### DATASET ENTRIES
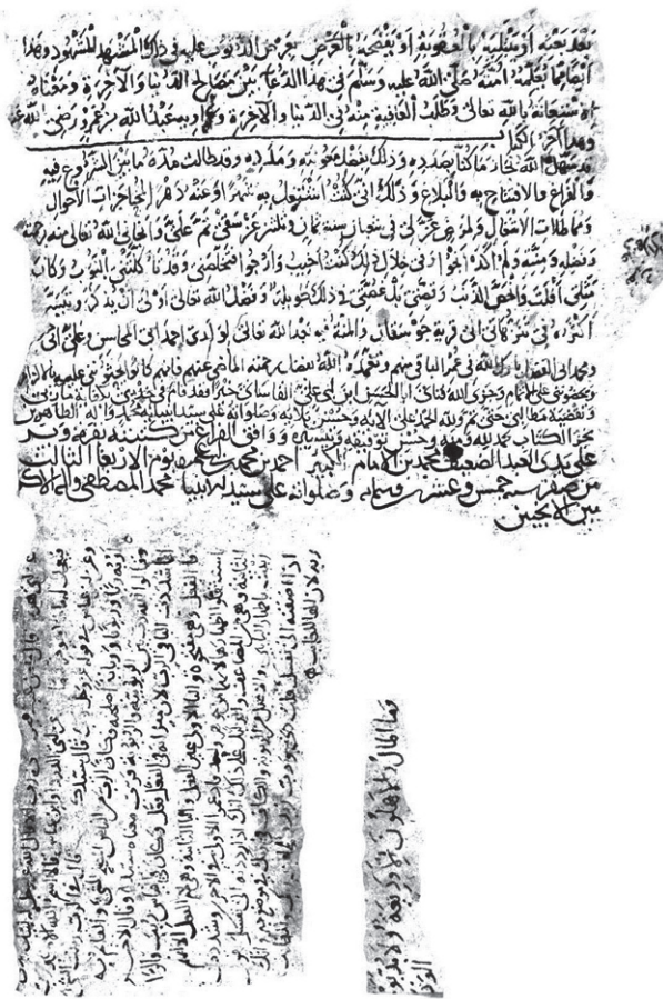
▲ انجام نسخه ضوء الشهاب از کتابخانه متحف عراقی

---

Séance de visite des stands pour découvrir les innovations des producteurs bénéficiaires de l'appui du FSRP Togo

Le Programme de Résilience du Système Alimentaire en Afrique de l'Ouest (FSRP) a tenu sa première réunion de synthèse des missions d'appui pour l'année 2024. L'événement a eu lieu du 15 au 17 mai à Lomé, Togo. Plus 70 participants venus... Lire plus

--

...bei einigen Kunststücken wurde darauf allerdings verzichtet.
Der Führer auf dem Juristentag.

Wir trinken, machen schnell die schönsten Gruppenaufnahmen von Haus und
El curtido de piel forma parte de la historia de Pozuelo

### WHAT YOU WILL DO
On how many lines of the data does the word "pour" appear? Only the number is wanted.

### RESPONSE
2